If it can happen to him, what about us?
An interview with Jehona Binishi
Every year, an estimated 25 000 people in the European Union die from serious resistant bacterial infections, most of which are acquired in hospitals. No health system is immune from this event. This is just one example from the WHO European Region.
“My father, Professor Riza Binishi, was a wonderful man, a very well known and highly respected surgeon. He was an inspiration to many people, and I became a doctor in his footsteps. He became Dean of the Medical Faculty at a large university in my country, and he helped as the lead doctor and surgeon, saving hundreds of lives. He worked constantly, all the more after my mother died.”
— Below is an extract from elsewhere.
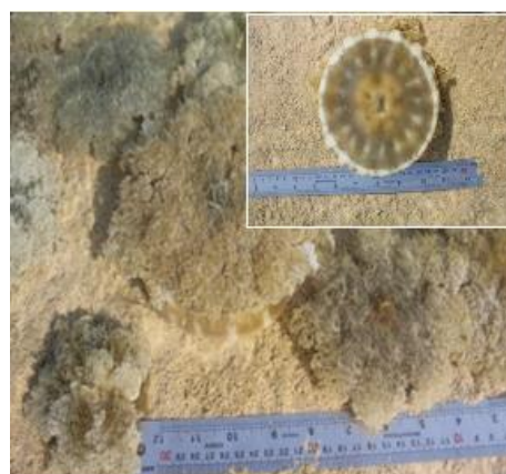
شکل ۲) نمونه زنده عروس دریایی C. andromeda در خلیج نابیند، بوشهر - ایران.

“He was diabetic for more than 20 years, and after he retired, his circulation became a cause for concern, so finally he had to go into hospital to have his toe amputated. After the operation, his blood pressure was too low, his heart was causing problems and his general condition deteriorated. After four or five days in intensive care, his general condition got much worse. There was no real diagnosis, and he begged us not to leave him there. He said, ‘Take me home, it looks like they are just experimenting here.’”
An infection from antibiotic-resistant bacteria
“So we decided to take him to Berlin, Germany. It was a big decision, but we thought it was a risk worth taking, although it cost us a fortune. He went in a private plane to a special and distinguished cardiothoracic hospital. He arrived in very poor condition. They found that he had the new antibiotic-resistant organism New Delhi metallo-β-lactamase 1, or NDM-1. He had it in his lungs, his leg, his urine catheter – it was everywhere; he was in a state of sepsis.”
“They isolated him in quarantine, everything was disinfected, nobody was allowed in without infection control measures, it was terrifying, but it was treated very seriously. They did not want the bug to spread. In my country, they would just say, ‘Oh you’re his children, go in.’”
“Because his coronary arteries were 90% closed, they carried out three bypass operations and he improved. But two or three days later, the infection returned aggressively. They tried all kinds of antibiotics. I think he knew what was happening; we kept talking to him. We told him he was in Germany. He had a tear in his right eye, I think he knew perfectly well. He battled on for six weeks; he was such a strong man. Everyone tried so hard, but in February 2011 his system finally just collapsed. He was 73.”
“We do not know how the infection started, but we were told that there had been a patient in the intensive care unit of our national hospital before, so it was probably in the tubes that were inserted into him. My father gave all his working life to health, out at all hours, and working so hard.”
Health professionals also at risk
“It is not just patients who are threatened by drug resistance. Colleagues and I, we all know that anyone who works in the conditions we work in also puts themselves at risk. The conditions are very poor. Poor management and too little money.”
“All the work we do can go to water if antibiotic resistance is not reduced. In our country you can get antibiotics everywhere without prescriptions. I know my father had a serious condition, but if we cannot reduce antibiotic-resistant infections, the future is very bleak. For us it has been horrible of course, and my first baby is due this month. He will never see the baby.”
“This can happen to anyone. People have said, ‘If it can happen to him, what about us?’ And they are right.”